Forex rigging scandal: RBS, UBS, HSBC, JP Morgan and Citi set for lawsuit storm after £2bn FCA fine
Funds, companies and other traders hurt by banks manipulating the foreign exchange markets could make claims totalling many billions of pounds, lawyers said yesterday.
Five banks were fined a total of £2bn by the UK’s Financial Conduct Authority and the US Commodity Futures Trading Commission authorities because their traders fiddled key currency benchmarks.
But the fines could be the tip of the iceberg, as other regulators from the US and elsewhere are still in talks with banks. Lawyers believe banks will face claims for damages amounting to sums many times higher.
“They were fiddling forex rates for almost six years in a market this big, so just look at the numbers – the damage has got to be in the billions,” Hausfeld lawyer Anthony Maton told City A.M. The potential claims “dwarf the fines without a shadow of a doubt”, he added.
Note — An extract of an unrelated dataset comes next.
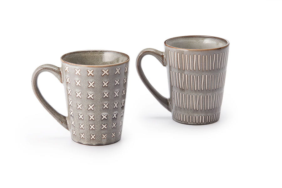 Wzór: szaro-brązowe z glazury, reliefy wypełnione białym szkliwem. 2 wzory reliefów: kreski i krzyżyki.

The claims could extend far beyond the traders on the opposite end of the banks’ manipulation, as other firms and funds use benchmarks for their own trades and could have lost out.
Any forex claims should be easier to prove than the Libor cases, according to lawyer Simon Hart from RPC. “Some of the contracts based on Libor went on for years, and could result in the participant being better or worse off at different times. With forex, market participants can go for the individual trades where they lost out.”
RBS, UBS, HSBC, JP Morgan and Citi were all fined by the UK and US authorities. But Barclays has yet to agree a settlement and other regulators still have to make their decisions – again leaving the banks open to another round of heavy fines.